### DIRECTIONS
Exclude the images, then return every line below exactly as written.

### RAW DATA
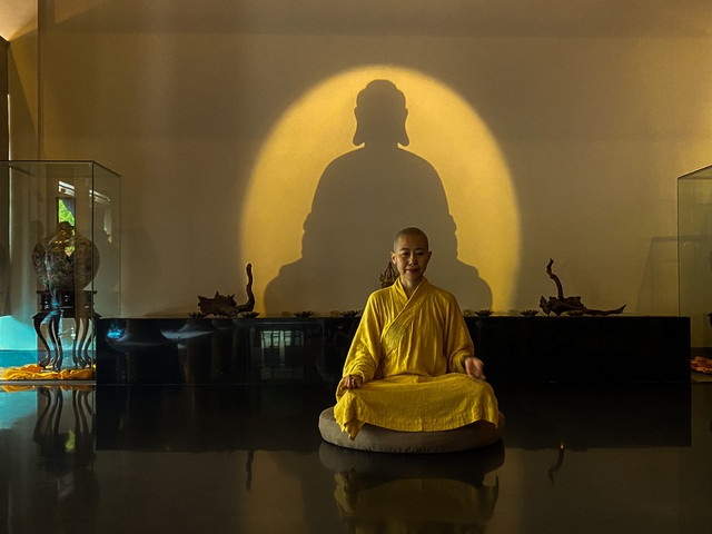 怀揣着好奇心,走进如易阁。本以为,这里应该是个小小的禅院或者是佛文化用品商店。结果,我大错特错!如易阁是国际佛教文化交流中心,是著名的禅修道场。除了设有诵经禅堂、禅茶室,还有各式客房、素食餐厅、佛教精品商场,甚至在地下室还有一座观音文化陈列馆。
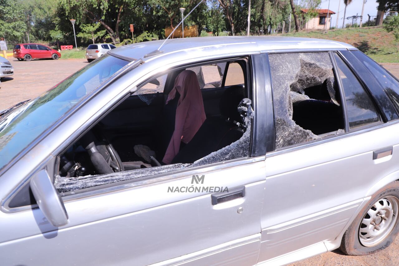 Un hecho de vandalismo tuvo lugar en el estacionamiento del Hospital de Clínicas, donde un motociclista destruyó el vehículo de una familia que había acudido al centro asistencial para la cirugía de su hijo.
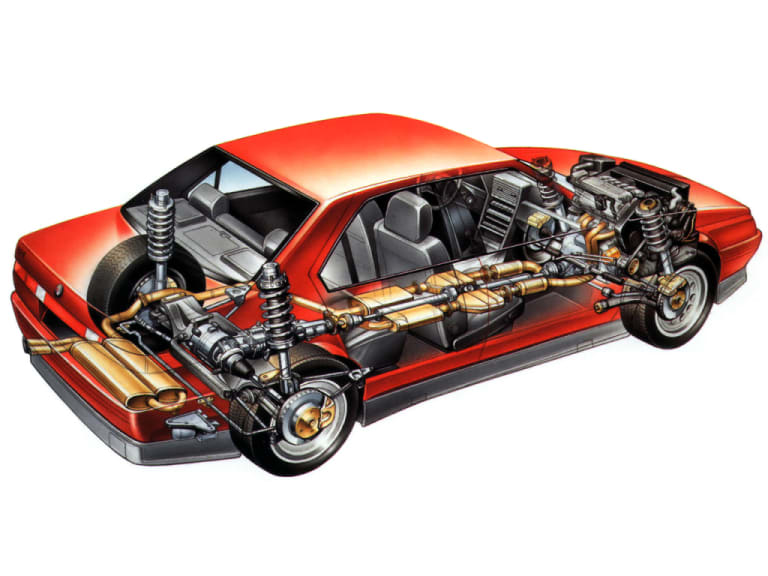 Si, après Subaru et AMC ne l’oublions pas, Audi a ouvert la transmission intégrale au monde des berlines et des coupés, la solution choisie pour la 164 Q4 est plus sophistiquée que celle des quatre anneaux. Q quoi ? Ce terme fait bien sur référence au quadrifoglio verde, le célèbre trèfle à quatre feuilles qu’arborent les Alfa les plus sportives. Le quatre rappelle, vous l’avez deviné, les quatre roues motrices. Baptisé du technoïde patronyme « Viscomatic », le système est d’une efficacité redoutable, avec une répartition du couple AV/AR variable à 100%. On vous fait grâce d’un exposé à la Michel Chevalet. Retenez tout de même qu’aux manettes se trouve un « cerveau » électronique pilotant un viscocoupleur, lequel abrite un différentiel épicycloïdal. Relié par une dizaine de capteurs à l’ABS et à la gestion électronique du moteur, le Big Brother venu de la patrie d’Arnold Schwarzenegger « sait » en permanence à quel régime tournent moteur et roues.
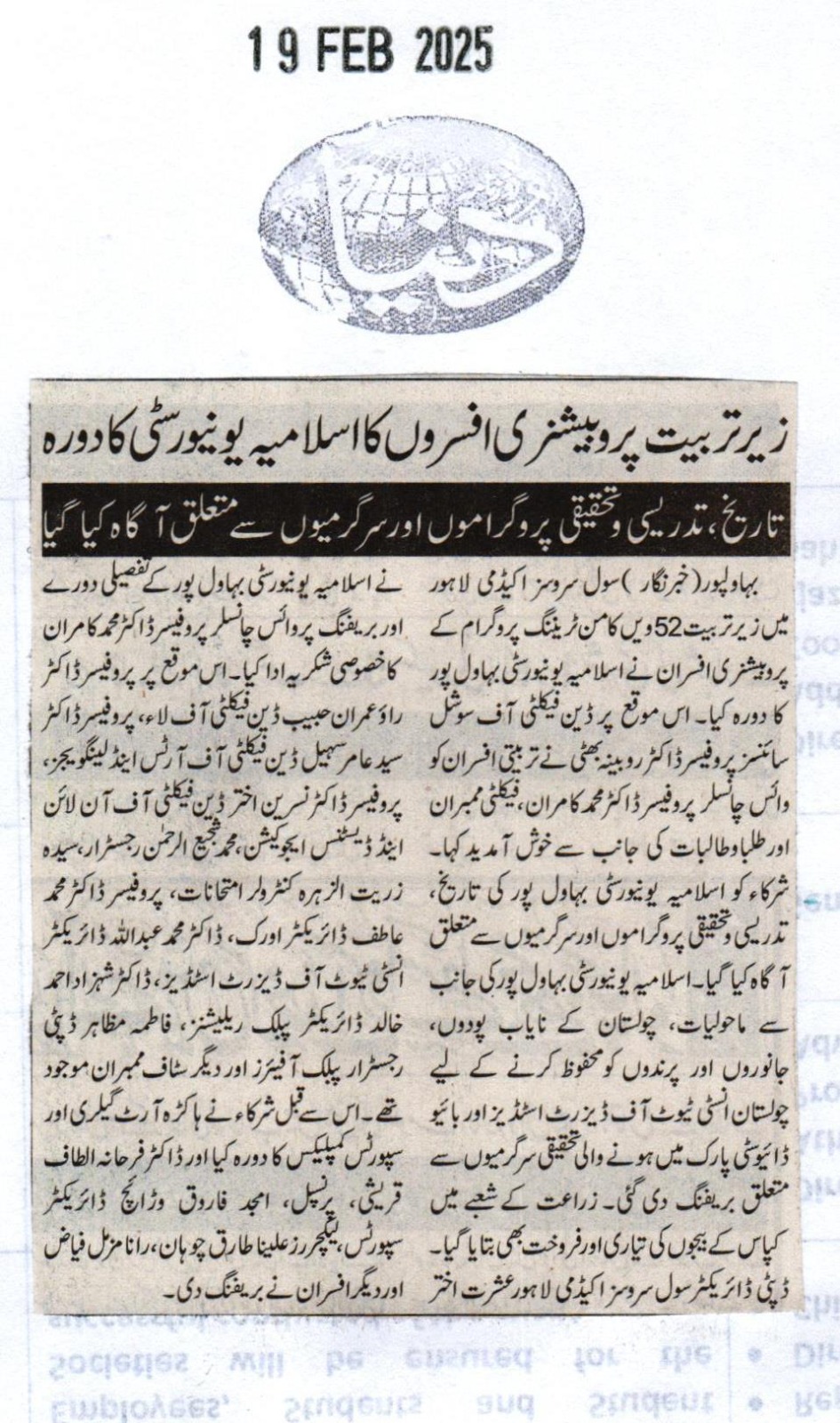 The Islamia University of Bahawalpur was established in the year 1975 by upgrading historical institute of the Jamia Abbasia.
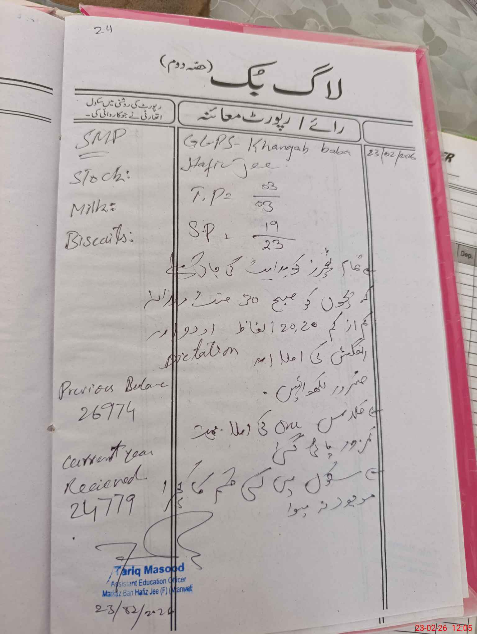 | Certified that this School was Inspected by the Undersigned MEA/DMO Today and the Information Stated Above is as Per Record. | |||||
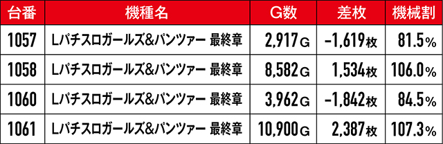 『Lパチスロガールズ&パンツァー 最終章』も全台が好調の兆しを見せていたが、2台が失速&稼働不足のためマイナスに。8,000G以上回された2台の方は実力通りの結果!
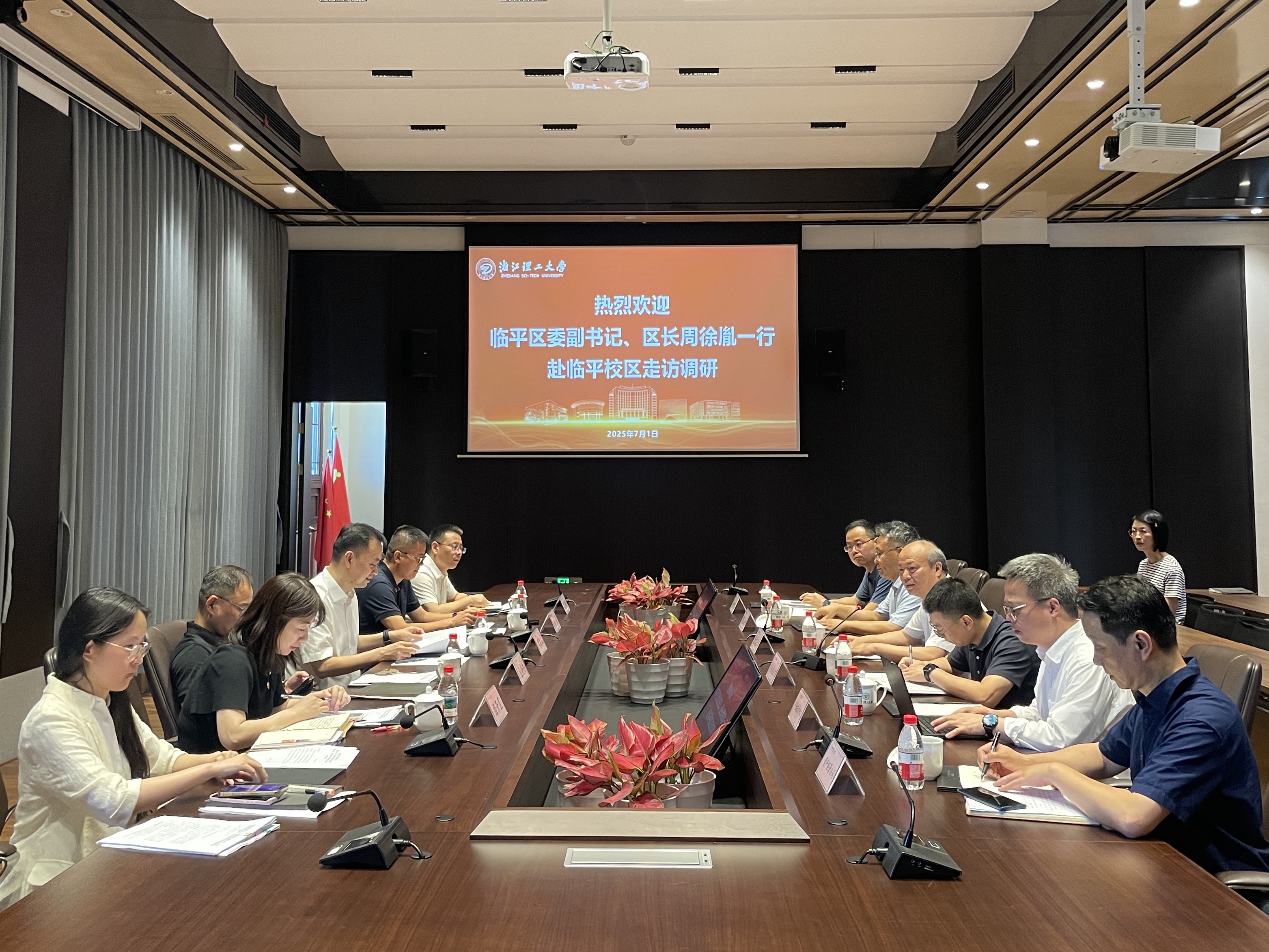 7月1日,临平区委副书记、区长周徐胤,副区长华东一行来到c7网页版临平校区进行走访调研。c7网页版校长陈文兴、副校长郭玉海接待,并在蚕学馆二楼会议室进行座谈。会议由陈文兴主持。
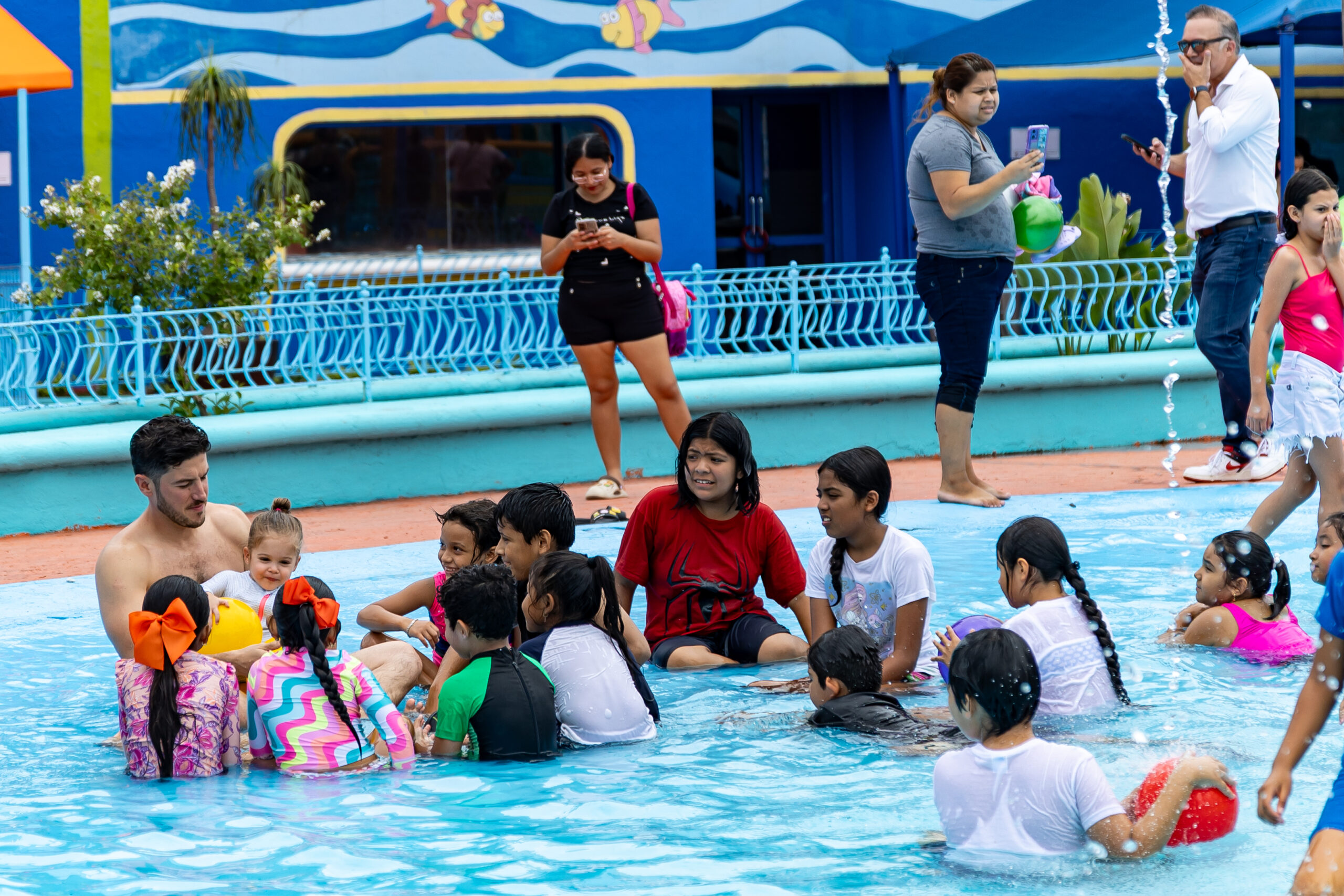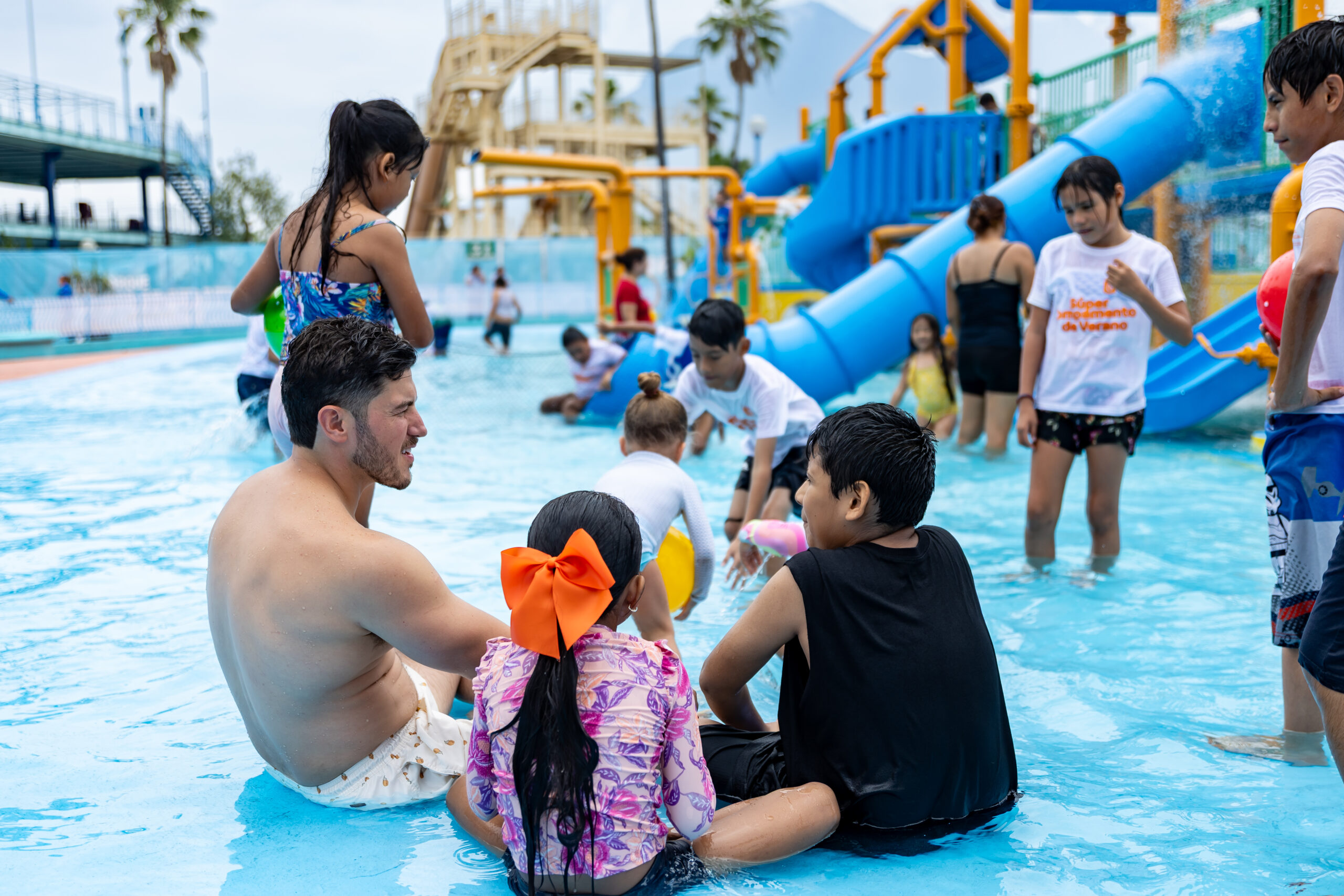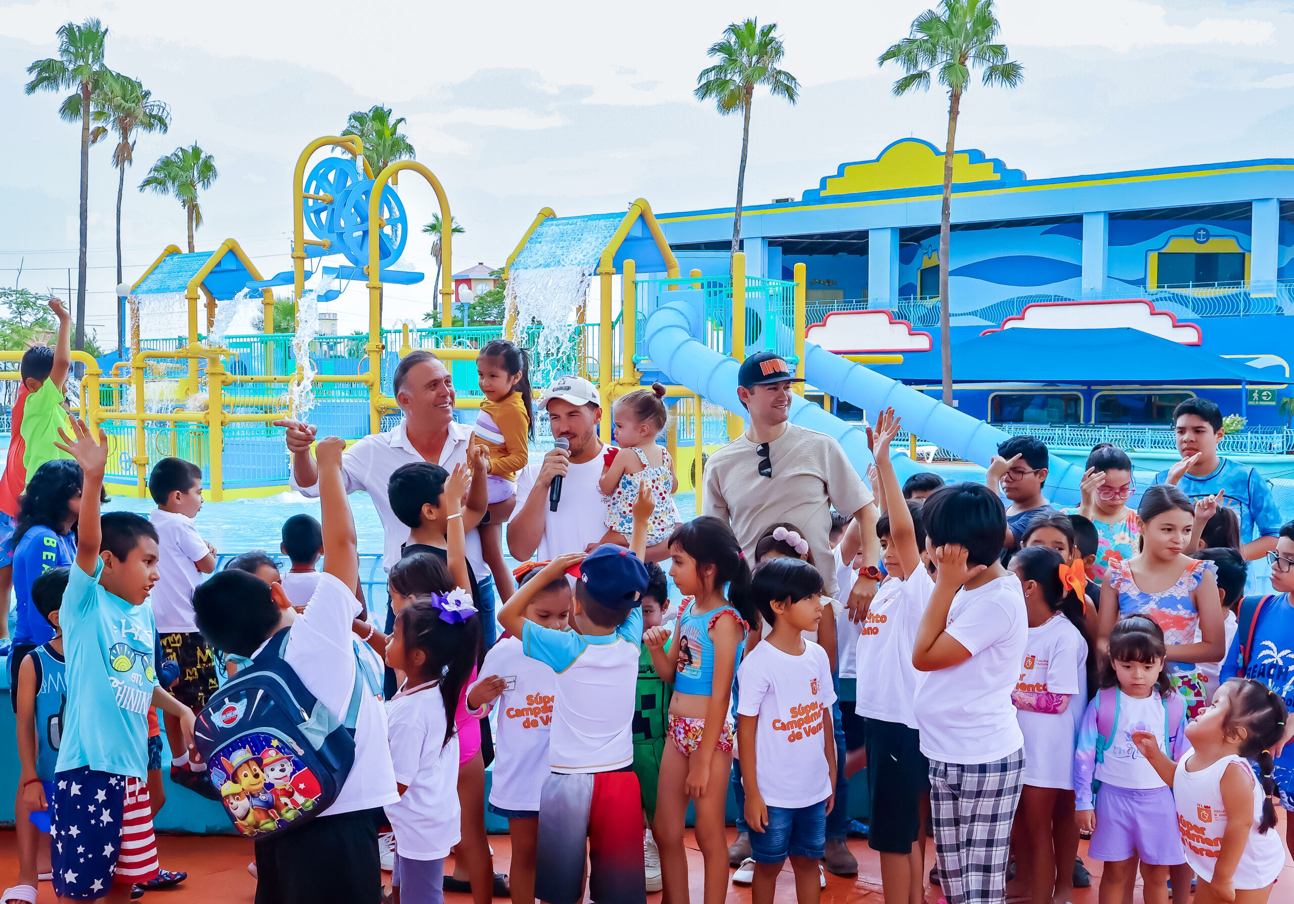 “Son cuatro albercas, son más de 5 mil metros cuadrados de alberca tiene toda la seguridad, hay salvavidas, hay equipos de primer nivel para el tratamiento del agua, y sobre todo tienen muchos toboganes y muchas áreas para que los niños puedan jugar y divertirse”, agregó.

### SOLUTION TO THIS EXERCISE
 怀揣着好奇心,走进如易阁。本以为,这里应该是个小小的禅院或者是佛文化用品商店。结果,我大错特错!如易阁是国际佛教文化交流中心,是著名的禅修道场。除了设有诵经禅堂、禅茶室,还有各式客房、素食餐厅、佛教精品商场,甚至在地下室还有一座观音文化陈列馆。
 Un hecho de vandalismo tuvo lugar en el estacionamiento del Hospital de Clínicas, donde un motociclista destruyó el vehículo de una familia que había acudido al centro asistencial para la cirugía de su hijo.
 Si, après Subaru et AMC ne l’oublions pas, Audi a ouvert la transmission intégrale au monde des berlines et des coupés, la solution choisie pour la 164 Q4 est plus sophistiquée que celle des quatre anneaux. Q quoi ? Ce terme fait bien sur référence au quadrifoglio verde, le célèbre trèfle à quatre feuilles qu’arborent les Alfa les plus sportives. Le quatre rappelle, vous l’avez deviné, les quatre roues motrices. Baptisé du technoïde patronyme « Viscomatic », le système est d’une efficacité redoutable, avec une répartition du couple AV/AR variable à 100%. On vous fait grâce d’un exposé à la Michel Chevalet. Retenez tout de même qu’aux manettes se trouve un « cerveau » électronique pilotant un viscocoupleur, lequel abrite un différentiel épicycloïdal. Relié par une dizaine de capteurs à l’ABS et à la gestion électronique du moteur, le Big Brother venu de la patrie d’Arnold Schwarzenegger « sait » en permanence à quel régime tournent moteur et roues.
 The Islamia University of Bahawalpur was established in the year 1975 by upgrading historical institute of the Jamia Abbasia.
 | Certified that this School was Inspected by the Undersigned MEA/DMO Today and the Information Stated Above is as Per Record. | |||||
 『Lパチスロガールズ&パンツァー 最終章』も全台が好調の兆しを見せていたが、2台が失速&稼働不足のためマイナスに。8,000G以上回された2台の方は実力通りの結果!
 7月1日,临平区委副书记、区长周徐胤,副区长华东一行来到c7网页版临平校区进行走访调研。c7网页版校长陈文兴、副校长郭玉海接待,并在蚕学馆二楼会议室进行座谈。会议由陈文兴主持。
 “Son cuatro albercas, son más de 5 mil metros cuadrados de alberca tiene toda la seguridad, hay salvavidas, hay equipos de primer nivel para el tratamiento del agua, y sobre todo tienen muchos toboganes y muchas áreas para que los niños puedan jugar y divertirse”, agregó.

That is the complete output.